Going micro: Targeting the low-income consumer market
The large low-income consumer market has become a testing ground for many industries in Indonesia, and insurance is no exception. The microinsurance segment, although still marginal relative to the industry as a whole, has recently been attracting the attention of mainstream underwriters in this regard. With over half of Indonesia’s population living on less than $2 a day, potential demand is enormous. Studies such as that run by Allianz, in conjunction with international donors like the UN Development Programme, suggest that low-income adults would be ready to spend between Rp10,000 ($1.20) and Rp50,000 ($6) a month for limited insurance coverage.
MICROCREDIT INSURANCE: Simple micro-products with low premiums and limited coverage have been available for years, but microcredit insurance schemes have long dominated the market. It is estimated that over 10m micro-enterprises have drawn microcredit from a formal institution, creating the large first pool of customers for this niche insurance market. Government programmes in this sector have contributed to the expansion and success of microcredit schemes, projects spearheaded by Bank Rakyat Indonesia (BRI), Bank Danamon and Bank Tabungan Pensiunan Nasional, among others. BRI’s microinsurance scheme, BRI ngin Life, has been very successful in bundling mandatory – as well as voluntary – credit life insurance with microcredit products. Asuransi Kredit Indonesia and Perusahaan Umum Jaminan Kredit Indonesia provide credit guarantees for micro-enterprises ordinarily rated as unbankable. But this microcredit insurance has created some moral hazards too, with defaults being unbearably high up until 2010. One challenge has been the absence of credit information on borrowers, although the establishment of a system of identification cards for all citizens will likely help this. Since 2010 the quality of microcredit has been steadily improving. Foreign insurers are increasingly looking to develop the microinsurance market beyond its current reliance on microcredit life coverage. Underwriters like Zurich Topas Life, Manulife and Prudential are looking to sell directly to customers through a micro-bank distribution strategy. As possibilities to partner with banks to run successful microcredit schemes open up, as with Bank Danamon in 2012, underwriters will aggressively compete for them. “Maintaining roll-out costs is key to the success of microinsurance,” Oemin Handajanto, president director of Zurich Topas Life, told OBG. “Partnerships with banks running successful microcredit programmes are in high demand.”
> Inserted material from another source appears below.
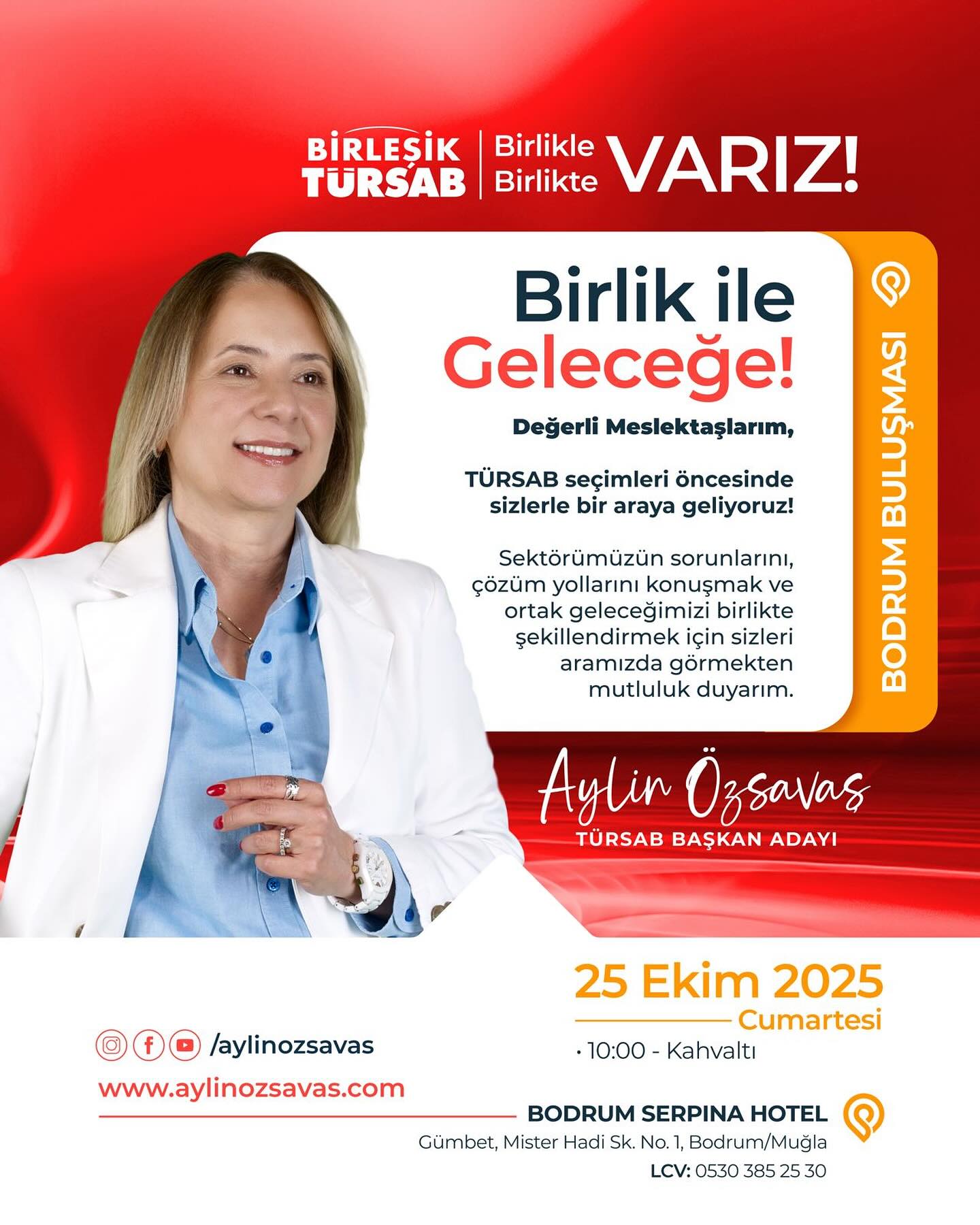 "Polis Eşi Aylin Özsavaş, TÜRSAB Başkan Adayı Oldu..! " İstanbul Emniyet Müdürlüğü kadrosunda bir dönem Çevik Kuvvet Şube Müdürü ve İl Emniyet Müdür Yardımcısı olarak görev yapmış olan Emekli 1'inci Sınıf Emniyet Müdürü Gökhan Özsavaş'ın eşi olan TÜRSAB Başkan adayı Aylin Özsavaş'ın sosyal medya hesabından Bodrum Buluşması hakkında yaptığı paylaşımda şu ifadeler yer aldı : "Birlik ile Geleceğe..!Değişim bitti, şimdi biz olma zamanı..!TÜRSAB seçimleri öncesinde sektörümüzün geleceğini birlikte şekillendirmek için bir araya geliyoruz.Sorunlarımızı, çözümlerimizi ve ortak hedeflerimizi konuşmak üzere siz değerli meslektaşlarımızı aramızda görmekten mutluluk duyarım.25 Ekim 2025, CumartesiSaat 10:00'da KahvaltıBodrum Serpina HotelLCV: (0530) 385 25 30Birlikte daha güçlü bir TÜRSAB için..!Aylin Özsavaş (TÜRSAB Başkan Adayı)www.aylinozsavas.com@aylinozsavas"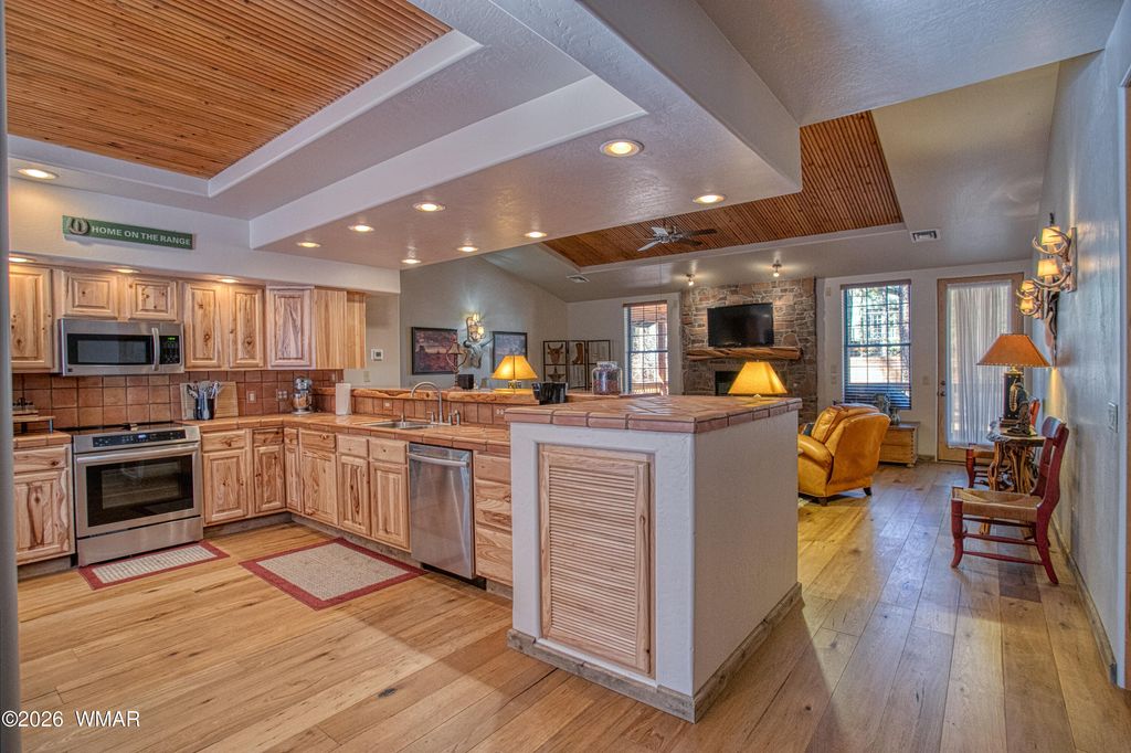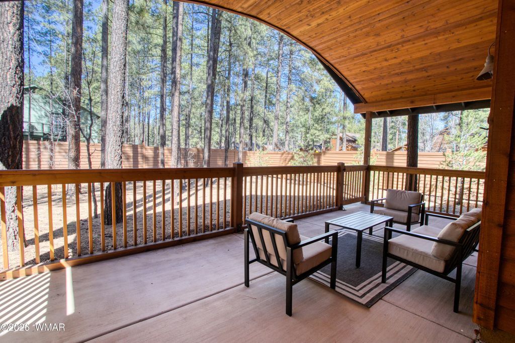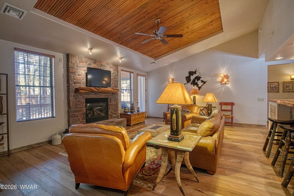 Beautifully appointed and thoughtfully upgraded, this home offers a warm and inviting mountain retreat. From the tongue-and-groove vaulted ceilings and flowing hardwood floors to the stunning stone gas fireplace, every detail creates a sense of comfort and charm. Surrounded by tall pines, the private yard enhances the peaceful setting. Offered fully furnished with tasteful décor and quality amenities, the spacious great room flows seamlessly into a bright, open kitchen featuring a custom breakfast bar, stainless steel appliances, and a new induction range/oven--perfect for both everyday living and entertaining. The primary suite is a true retreat, complete with a newly remodeled walk-in shower, updated countertops, and a generous walk-in closet. Step outside to the large covered back deck, an ideal space to relax and take in the fresh mountain air. A true dream home with upgrades throughout--move-in ready and designed for effortless mountain living. Life in Pinetop is all about embracing a peaceful mountain lifestyle surrounded by towering pines, crisp fresh air, and the beauty of all four seasons at a comfortable elevation of around 7,200 feet. This quiet, community offers the perfect balance of privacy and connection, with a warm, welcoming atmosphere that makes it ideal for both full-time living and second homes. Days here are naturally centered around the outdoors--whether it's a morning on the golf course, afternoons spent exploring scenic hiking and biking trails, or weekends enjoying nearby lakes for fishing and kayaking. In the winter months, snow-dusted landscapes open the door to nearby skiing and cozy mountain living at its finest. Beyond the natural beauty, convenience is never far away. The nearby communities of Pinetop-Lakeside and Show Low offer a variety of local shops, dining, and everyday essentials, making it easy to enjoy both tranquility and accessibility. With its cooler climate providing a refreshing escape from the desert heat, Pinetop offers a lifestyle that feels relaxed, rejuvenating, and deeply connected to nature--perfect for those who crave both serenity and adventure.

SALES NETWORK: Insurers are also looking at alternative sales networks – through local post offices for instance – to capture some of the growth in consumption on some of the country’s more remote islands. Asuransi Jiwa Nusantara, already a leader in life insurance, has entered the market in a big way. Using regional government bank branches as distribution centres, the underwriter has fast become the largest micro-underwriter. In non-life insurance, Asuransi Bangun Askrida has achieved similar dominance. Allianz Life launched a big push in microinsurance in 2010, hoping to treble the Rp9.5bn ($1.14m) in premium revenue it generates from its 440,000 low-income clients. It is sending more agents into rural Indonesia and seeking partnerships with rural banks and associations.
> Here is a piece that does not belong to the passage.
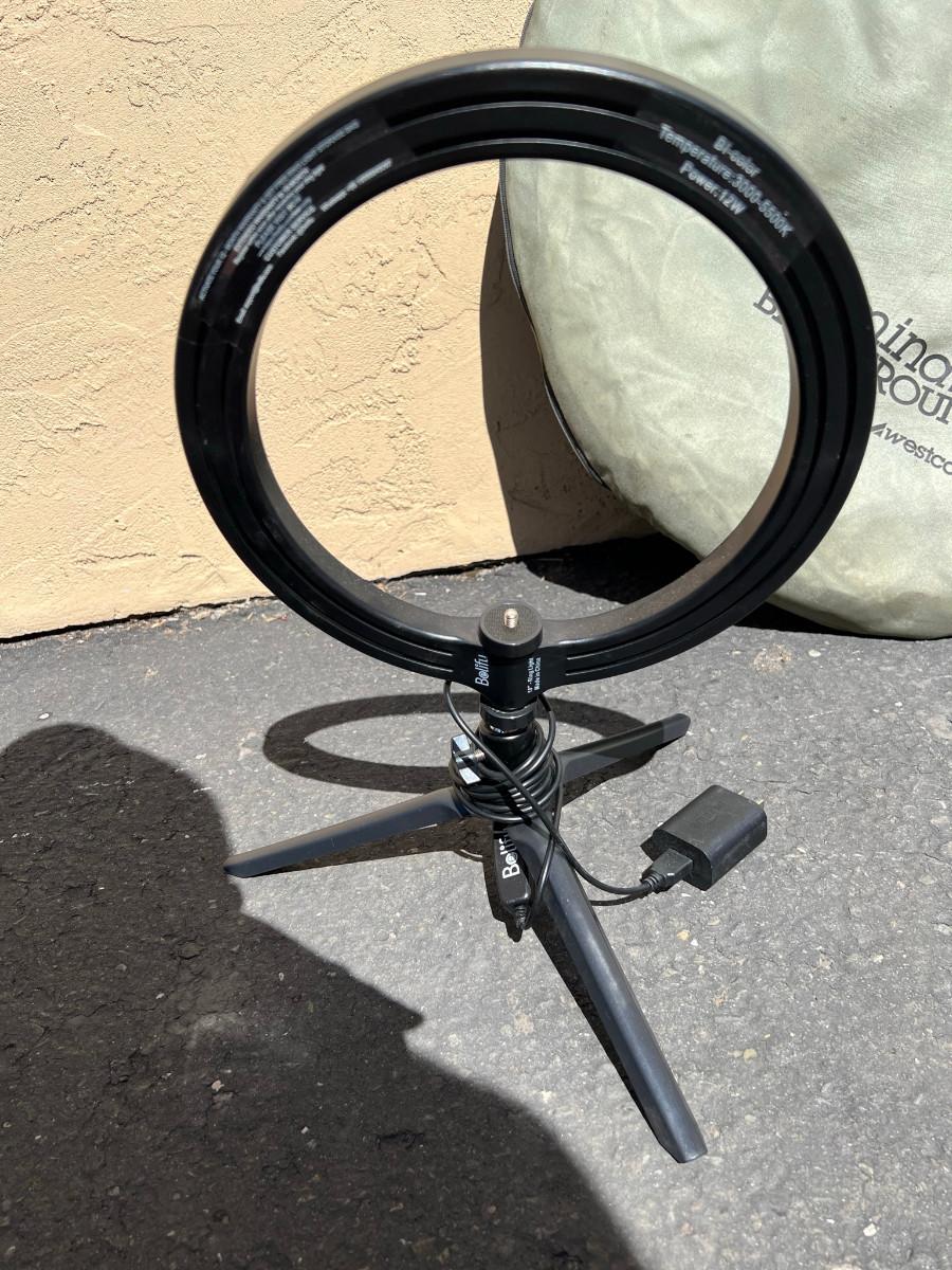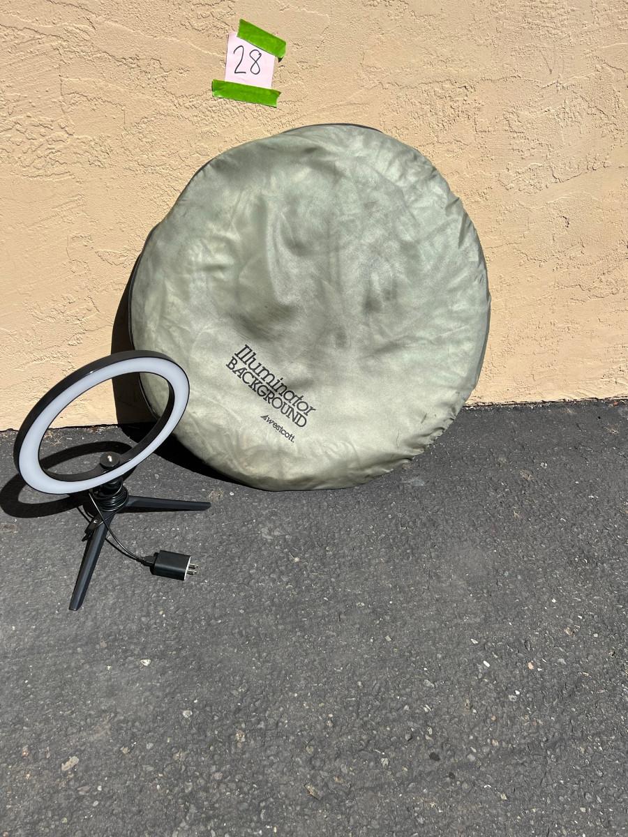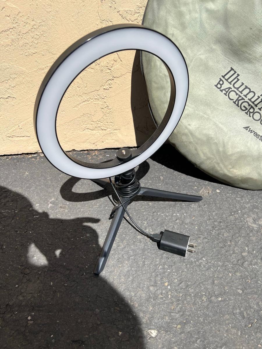 Illuminator Background by Westcott and a Belifu Bi-color temp 3000-5500k power 12w 10" ring light

VOUCHERS: Some insurance companies are hoping to target the customer directly, and have launched voucher systems for simple non-life products with limited coverage. Dengyu Insurance has launched a scheme whereby clients purchase a Rp50,000 ($6) card for health insurance coverage and are covered up to Rp2m ($240). Although microinsurance is covered under existing insurance regulations, the government is clearly seeking to promote initiatives in this sector. While remaining vigilant of potentially high loss ratios and unviable operating costs, underwriters are innovating fast in this dynamic low-income market. If the market can be monetised in Indonesia, the success could well be replicated in other high-potential markets, like India.